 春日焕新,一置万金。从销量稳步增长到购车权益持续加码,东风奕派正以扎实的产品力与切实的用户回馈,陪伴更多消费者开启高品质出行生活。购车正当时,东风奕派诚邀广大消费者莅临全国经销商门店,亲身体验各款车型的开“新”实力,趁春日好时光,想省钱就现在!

▬▬▬▬▬▬▬▬▬▬

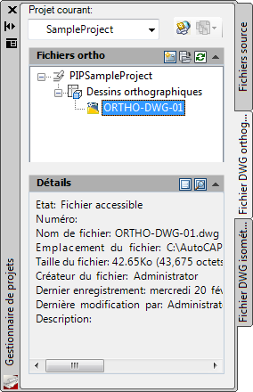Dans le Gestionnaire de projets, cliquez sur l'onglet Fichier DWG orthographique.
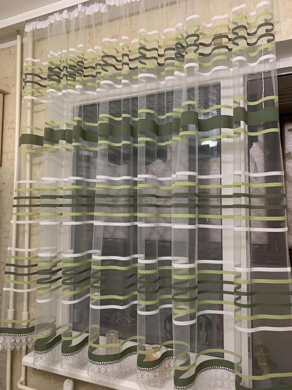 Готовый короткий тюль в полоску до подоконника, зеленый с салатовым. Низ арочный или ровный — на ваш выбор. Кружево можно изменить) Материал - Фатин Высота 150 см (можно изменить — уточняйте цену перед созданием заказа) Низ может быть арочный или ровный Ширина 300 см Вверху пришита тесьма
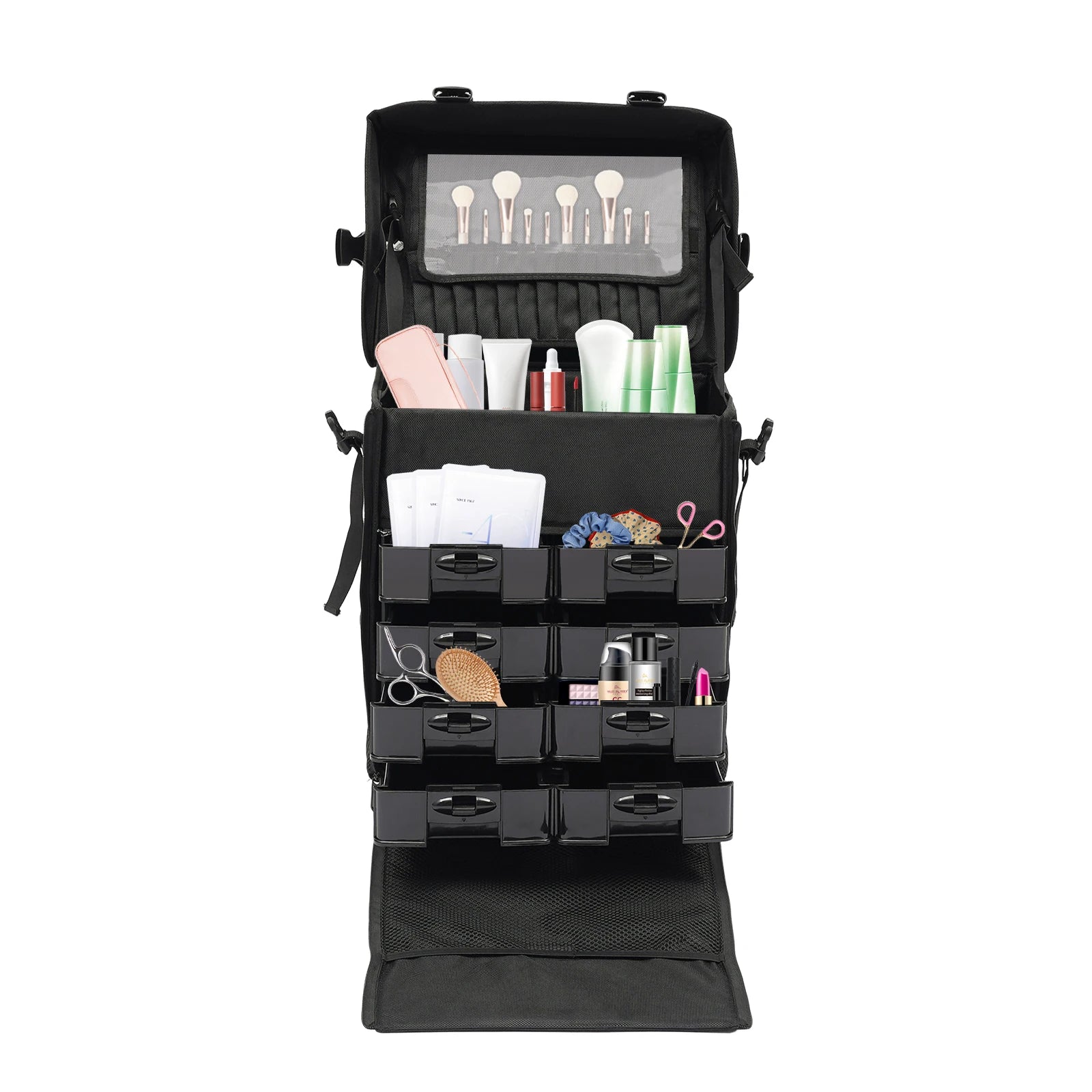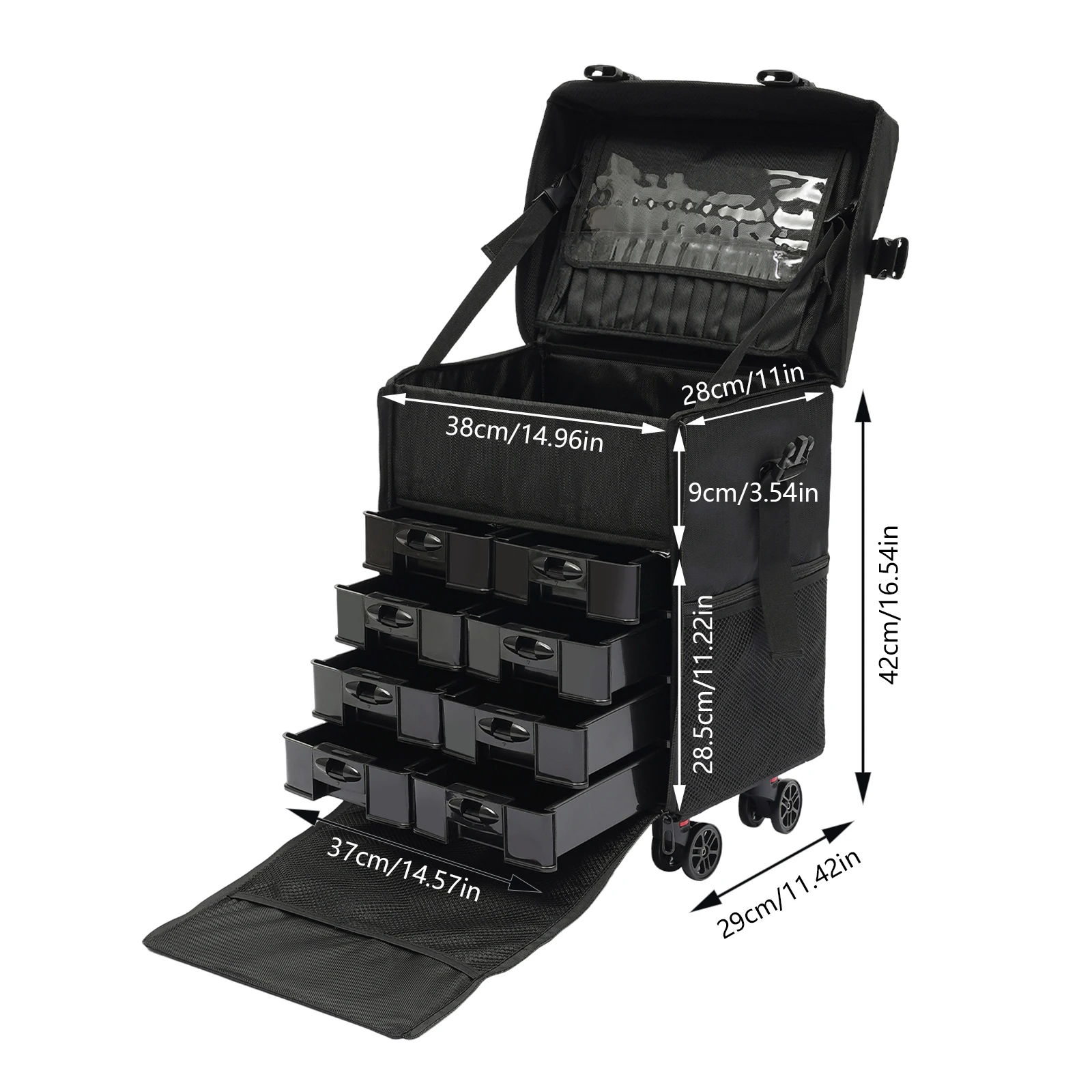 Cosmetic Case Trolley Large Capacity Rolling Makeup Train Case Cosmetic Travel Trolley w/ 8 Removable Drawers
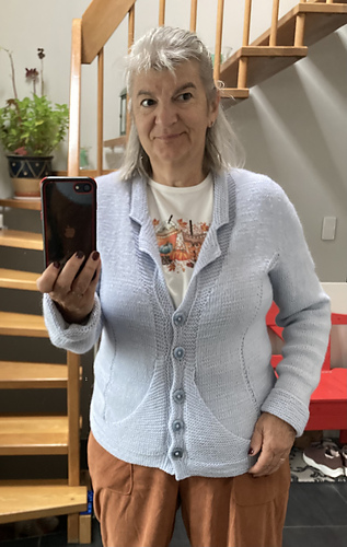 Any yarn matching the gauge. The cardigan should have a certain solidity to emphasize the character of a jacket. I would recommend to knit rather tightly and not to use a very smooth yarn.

▬▬▬▬▬▬▬▬▬▬

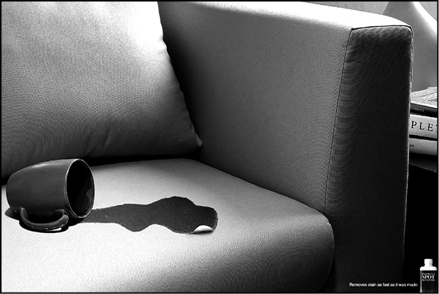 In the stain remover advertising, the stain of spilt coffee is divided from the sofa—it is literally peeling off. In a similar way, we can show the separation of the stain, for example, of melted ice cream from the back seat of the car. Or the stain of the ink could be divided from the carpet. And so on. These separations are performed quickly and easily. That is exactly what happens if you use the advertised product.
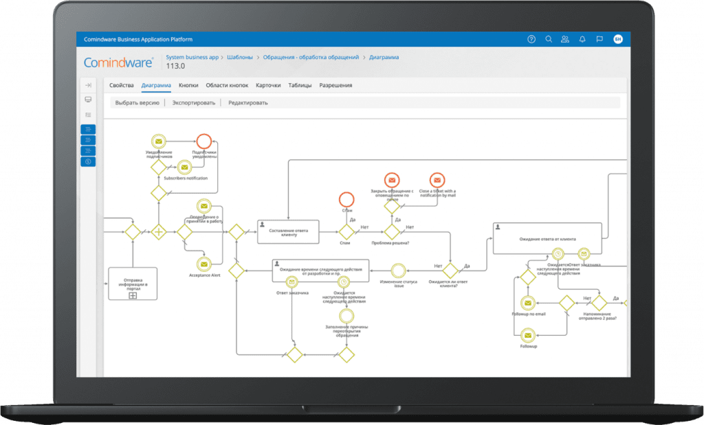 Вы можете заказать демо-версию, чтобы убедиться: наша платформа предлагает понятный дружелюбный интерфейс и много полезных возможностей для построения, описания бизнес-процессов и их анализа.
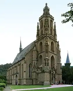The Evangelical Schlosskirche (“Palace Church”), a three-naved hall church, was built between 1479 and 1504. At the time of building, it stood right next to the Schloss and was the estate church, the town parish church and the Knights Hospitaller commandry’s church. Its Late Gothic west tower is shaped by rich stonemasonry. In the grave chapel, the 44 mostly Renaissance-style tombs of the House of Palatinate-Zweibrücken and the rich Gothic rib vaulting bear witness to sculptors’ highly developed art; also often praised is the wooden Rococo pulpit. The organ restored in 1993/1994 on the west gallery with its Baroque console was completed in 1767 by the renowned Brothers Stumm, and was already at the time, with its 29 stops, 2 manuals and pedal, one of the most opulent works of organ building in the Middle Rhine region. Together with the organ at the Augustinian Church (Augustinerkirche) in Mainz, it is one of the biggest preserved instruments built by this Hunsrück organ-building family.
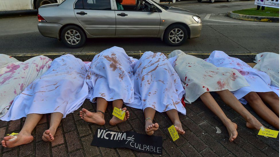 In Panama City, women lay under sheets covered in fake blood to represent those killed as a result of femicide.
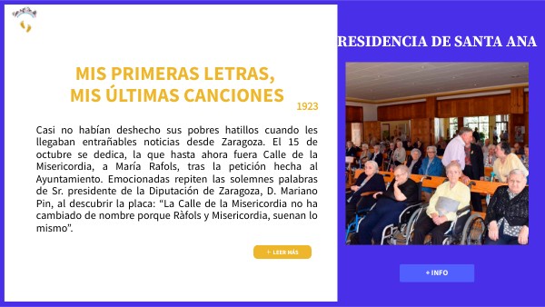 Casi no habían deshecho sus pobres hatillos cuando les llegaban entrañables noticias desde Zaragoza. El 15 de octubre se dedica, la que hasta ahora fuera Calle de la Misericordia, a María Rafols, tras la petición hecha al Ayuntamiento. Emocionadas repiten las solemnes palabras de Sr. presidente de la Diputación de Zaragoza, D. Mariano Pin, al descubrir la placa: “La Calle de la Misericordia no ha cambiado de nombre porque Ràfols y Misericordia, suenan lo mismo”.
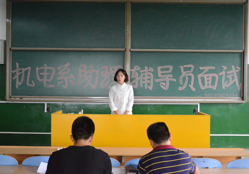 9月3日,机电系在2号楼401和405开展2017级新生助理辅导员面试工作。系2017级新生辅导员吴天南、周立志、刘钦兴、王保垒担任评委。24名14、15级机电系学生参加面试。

▬▬▬▬▬▬▬▬▬▬

Exactly the lines above, from the one containing "Готовый короткий тюль" down to the one containing "Cosmetic Case Trolley", are to be repeated, including both ends. Pictures are not part of the copy.

 Готовый короткий тюль в полоску до подоконника, зеленый с салатовым. Низ арочный или ровный — на ваш выбор. Кружево можно изменить) Материал - Фатин Высота 150 см (можно изменить — уточняйте цену перед созданием заказа) Низ может быть арочный или ровный Ширина 300 см Вверху пришита тесьма
 Cosmetic Case Trolley Large Capacity Rolling Makeup Train Case Cosmetic Travel Trolley w/ 8 Removable Drawers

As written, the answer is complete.